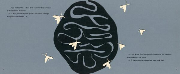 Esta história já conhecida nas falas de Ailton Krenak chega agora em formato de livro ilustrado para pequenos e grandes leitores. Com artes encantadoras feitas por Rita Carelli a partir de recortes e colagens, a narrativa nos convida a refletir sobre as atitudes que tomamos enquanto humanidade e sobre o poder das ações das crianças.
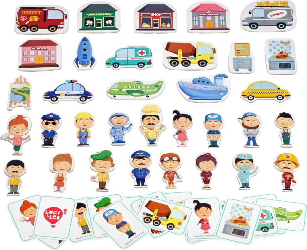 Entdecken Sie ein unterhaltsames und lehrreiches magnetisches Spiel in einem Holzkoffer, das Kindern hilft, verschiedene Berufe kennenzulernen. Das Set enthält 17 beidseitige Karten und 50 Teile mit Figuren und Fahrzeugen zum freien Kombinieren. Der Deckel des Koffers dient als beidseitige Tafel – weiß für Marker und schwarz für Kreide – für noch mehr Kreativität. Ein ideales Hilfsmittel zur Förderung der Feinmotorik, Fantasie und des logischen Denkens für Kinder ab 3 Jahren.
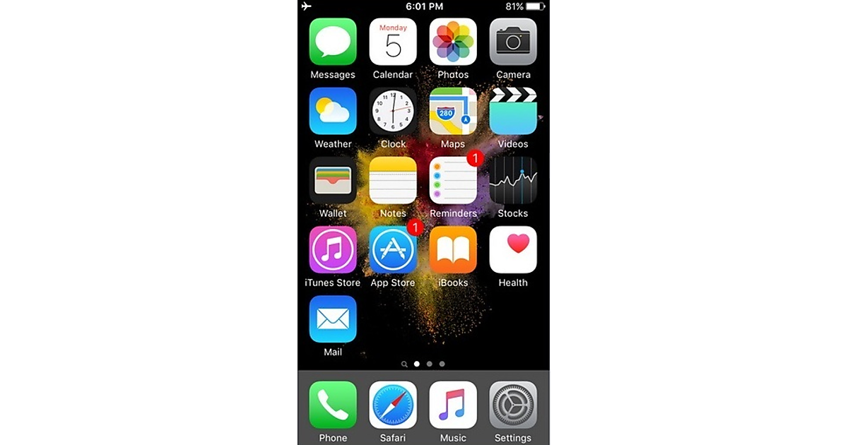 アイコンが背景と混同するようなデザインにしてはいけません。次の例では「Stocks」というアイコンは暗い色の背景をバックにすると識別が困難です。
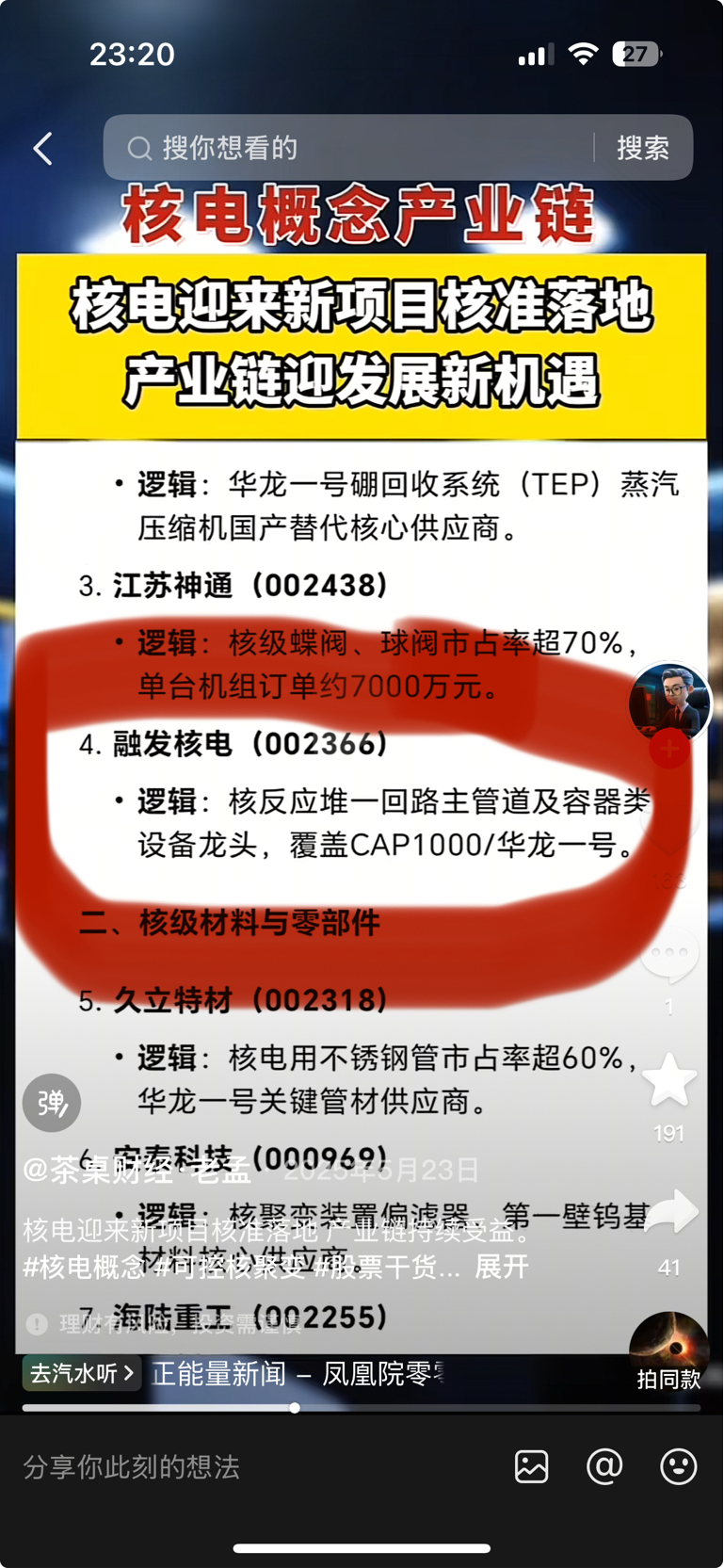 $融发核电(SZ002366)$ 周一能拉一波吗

——

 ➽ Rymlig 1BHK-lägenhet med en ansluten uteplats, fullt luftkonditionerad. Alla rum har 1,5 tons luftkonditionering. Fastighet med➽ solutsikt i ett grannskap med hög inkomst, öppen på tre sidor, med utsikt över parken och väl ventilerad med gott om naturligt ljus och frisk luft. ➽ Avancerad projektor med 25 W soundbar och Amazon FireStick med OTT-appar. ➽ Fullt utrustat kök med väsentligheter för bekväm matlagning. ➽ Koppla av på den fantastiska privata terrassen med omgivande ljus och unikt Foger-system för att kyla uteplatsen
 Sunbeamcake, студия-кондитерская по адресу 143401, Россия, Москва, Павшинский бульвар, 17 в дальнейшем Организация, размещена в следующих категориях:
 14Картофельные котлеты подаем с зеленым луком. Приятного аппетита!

——

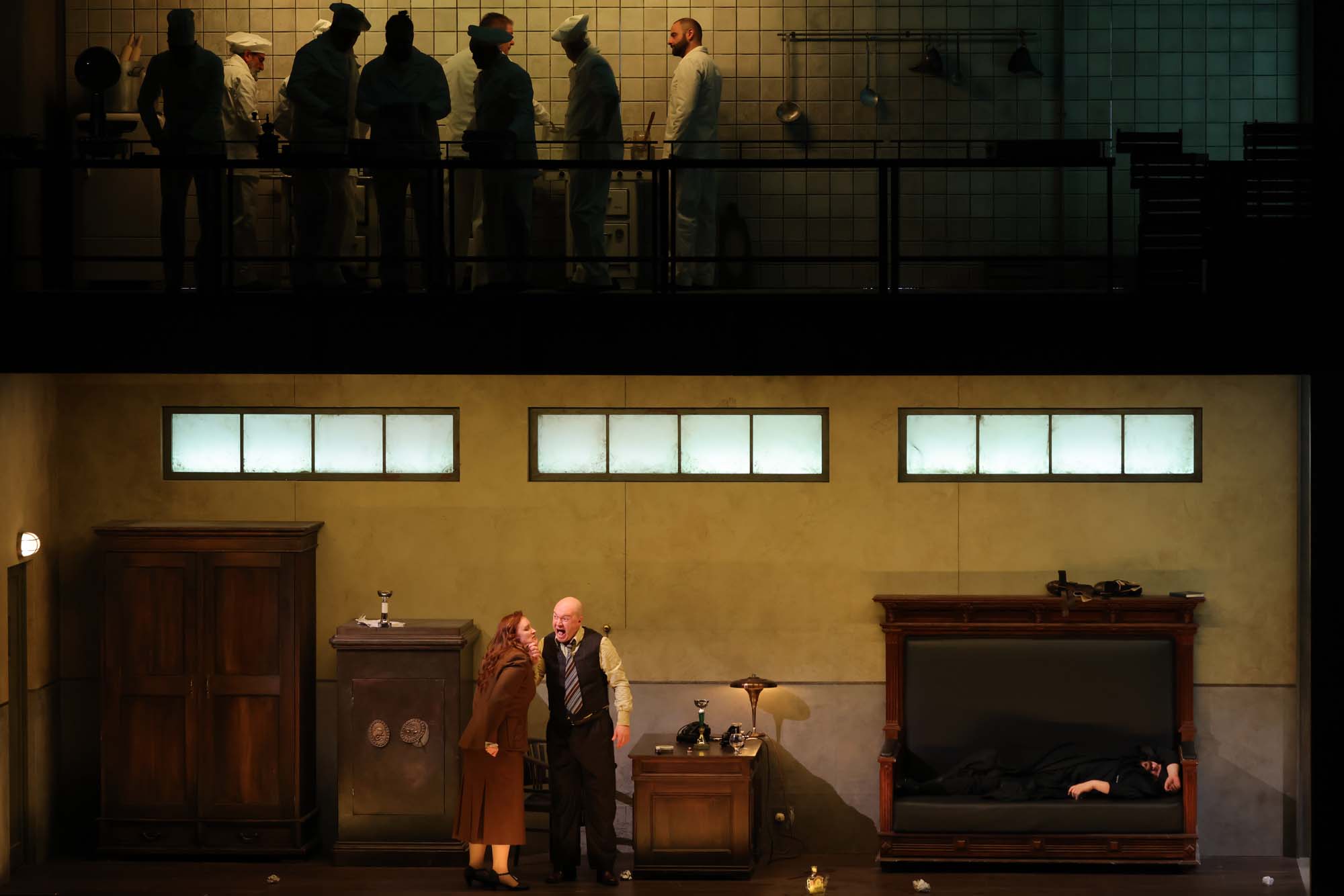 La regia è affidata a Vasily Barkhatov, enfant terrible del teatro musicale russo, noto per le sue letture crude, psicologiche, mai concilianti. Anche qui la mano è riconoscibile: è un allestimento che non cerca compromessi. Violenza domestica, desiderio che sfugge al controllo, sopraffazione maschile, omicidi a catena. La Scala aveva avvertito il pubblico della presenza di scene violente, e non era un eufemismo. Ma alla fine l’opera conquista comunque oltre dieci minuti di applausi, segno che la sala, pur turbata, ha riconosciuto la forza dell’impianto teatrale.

——

Problem to solve: Wherever the line holding "Sunbeamcake, студия-кондитерская по" falls in the entries above, copy exactly from it through the line holding "14Картофельные котлеты подаем", inclusive, and add nothing.

Finished exercise:
 Sunbeamcake, студия-кондитерская по адресу 143401, Россия, Москва, Павшинский бульвар, 17 в дальнейшем Организация, размещена в следующих категориях:
 14Картофельные котлеты подаем с зеленым луком. Приятного аппетита!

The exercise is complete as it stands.